___ Data records

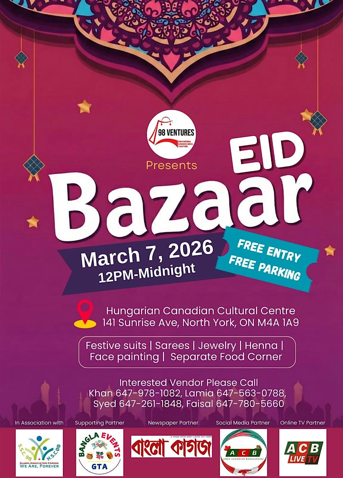 Join us for Eid Bazaar 2026 on March 7! Shop fashion, jewelry & food in North York. FREE Entry & Parking. Fun for the whole family!
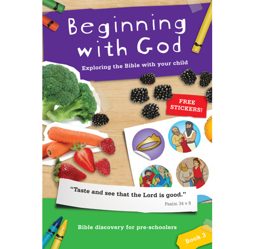 'Beginning with God: Book 3' is excellent! We have been using it with our 3 year old and he thoroughly enjoys it. He loves to do the introductory task, answer the questions on the passage, put his hands up in the air with excitement about what we've learned about God (and say 'wow' very loudly!) and of course, put the sticker up on the wall to map out our Bible overview. Thank you GBC!
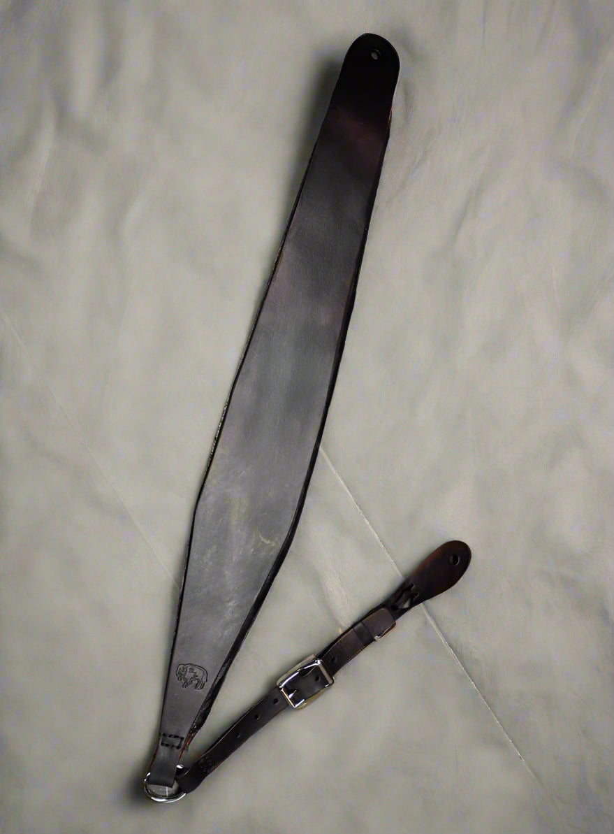 This padded, smooth, versatile and handmade from super thick 8 oz. leather instrument strap is made to order with a simple rear buckle with two 3" and six 1"adjustments.
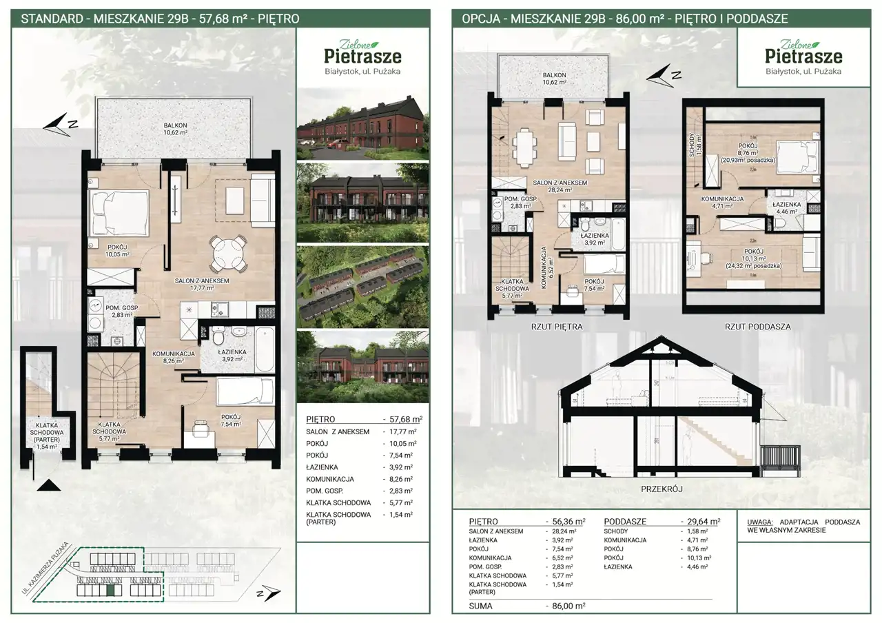 - poddasze o powierzchni 29 m2 z możliwością adaptacji na cele mieszkalne
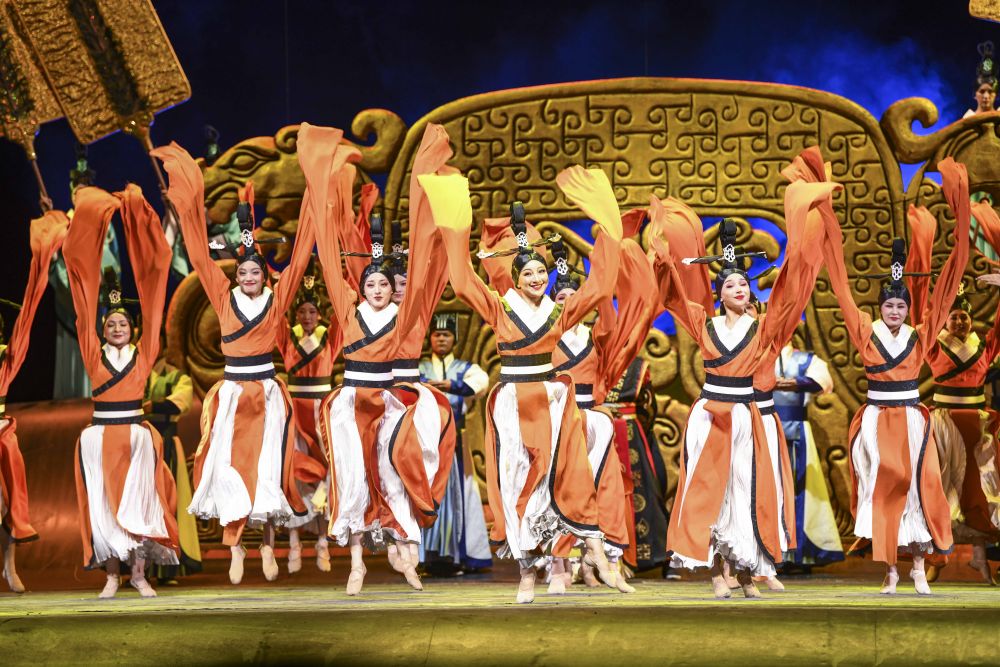 第六届中国新疆国际民族舞蹈节开幕式后,新疆艺术剧院歌舞团演员表演大型原创历史题材舞剧《张骞》(7月20日摄)。新华社记者 胡虎虎 摄

______

→ Directions:
The answer should be the complete listing, set down exactly, without pictures.

→ Exercise answer:
 Join us for Eid Bazaar 2026 on March 7! Shop fashion, jewelry & food in North York. FREE Entry & Parking. Fun for the whole family!
 'Beginning with God: Book 3' is excellent! We have been using it with our 3 year old and he thoroughly enjoys it. He loves to do the introductory task, answer the questions on the passage, put his hands up in the air with excitement about what we've learned about God (and say 'wow' very loudly!) and of course, put the sticker up on the wall to map out our Bible overview. Thank you GBC!
 This padded, smooth, versatile and handmade from super thick 8 oz. leather instrument strap is made to order with a simple rear buckle with two 3" and six 1"adjustments.
 - poddasze o powierzchni 29 m2 z możliwością adaptacji na cele mieszkalne
 第六届中国新疆国际民族舞蹈节开幕式后,新疆艺术剧院歌舞团演员表演大型原创历史题材舞剧《张骞》(7月20日摄)。新华社记者 胡虎虎 摄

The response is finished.